### WHAT TO PRODUCE
Return the listing below exactly, with the pictures dropped.

### AVAILABLE DATA

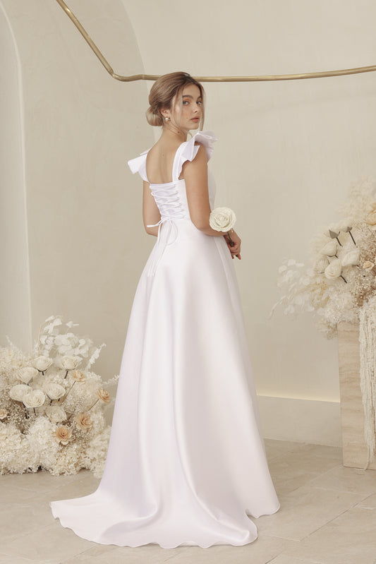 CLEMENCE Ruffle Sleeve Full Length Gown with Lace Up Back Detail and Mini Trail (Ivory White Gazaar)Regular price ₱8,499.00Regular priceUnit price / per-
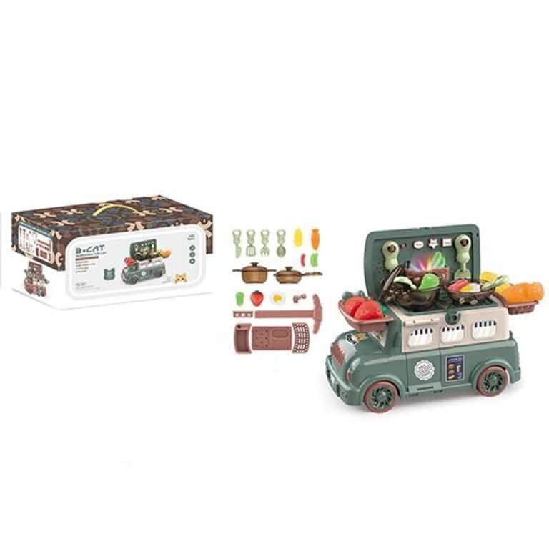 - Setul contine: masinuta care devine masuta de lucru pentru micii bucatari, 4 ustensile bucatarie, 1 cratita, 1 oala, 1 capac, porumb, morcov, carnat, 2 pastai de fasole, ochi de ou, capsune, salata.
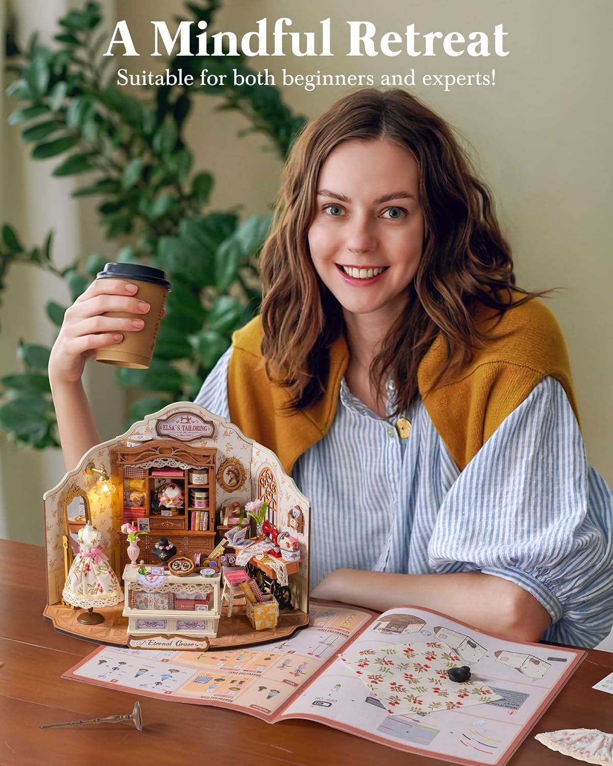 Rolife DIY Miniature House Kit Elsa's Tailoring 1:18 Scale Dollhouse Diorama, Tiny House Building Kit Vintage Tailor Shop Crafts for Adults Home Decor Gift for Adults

### TASK RESULT
 CLEMENCE Ruffle Sleeve Full Length Gown with Lace Up Back Detail and Mini Trail (Ivory White Gazaar)Regular price ₱8,499.00Regular priceUnit price / per-
 - Setul contine: masinuta care devine masuta de lucru pentru micii bucatari, 4 ustensile bucatarie, 1 cratita, 1 oala, 1 capac, porumb, morcov, carnat, 2 pastai de fasole, ochi de ou, capsune, salata.
 Rolife DIY Miniature House Kit Elsa's Tailoring 1:18 Scale Dollhouse Diorama, Tiny House Building Kit Vintage Tailor Shop Crafts for Adults Home Decor Gift for Adults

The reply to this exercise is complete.